Based on: E2VID (https://github.com/uzh-rpg/rpg_e2vid.git)
Example input dataset:
test/
├── hazard_symbols/
│ ├── flammable/
│ │ ├── 1_events.csv
│ │ └── 2_events.csv
│ └── toxic/
└── traffic_symbols/
The script recursively searches for all .csv files.
Example generated output:
test/
├── hazard_symbols/
│ ├── flammable/
│ │ ├── 1_events/
│ │ │ ├── events/
│ │ │ ├── frames_events/
│ │ │ └── sample1_events.txt
│ │ │ └── frame_*.png
Each CSV file gets its own reconstruction subfolder.
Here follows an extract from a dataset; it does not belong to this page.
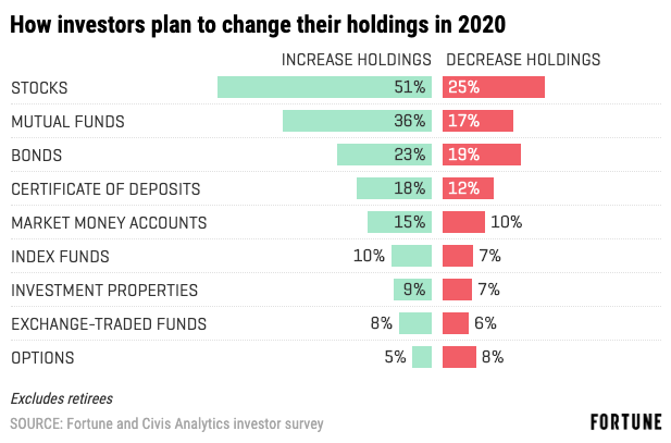 - … of non-retired investors plan to increase their stock holdings in 2020, while 25% plan to decrease their stock holdings.

Download or place pretrained E2VID weights in:
pretrained/
Example:
pretrained/E2VID_lightweight.pth.tar
| Argument | Description |
|---|---|
-c |
Path to pretrained E2VID model |
-i |
Input directory containing CSV event files |
-o |
Output directory |
-N |
Number of events per reconstruction window (default= 15000) |
-T |
Window duration in milliseconds |
--fixed_duration |
Use duration-based windows instead of fixed event counts |
--auto_hdr |
Enable automatic HDR normalization |
--show_events |
Display event visualization during processing |
--compute_voxel_grid_on_cpu |
Build voxel grids on CPU |
Example:
python run_reconstruction_from_events.py -c pretrained\E2VID_lightweight.pth.tar -i csvs/scaled -o reconstructions --auto_hdr --show_events The same reconstruction process can be repeated for each scaled version of the dataset.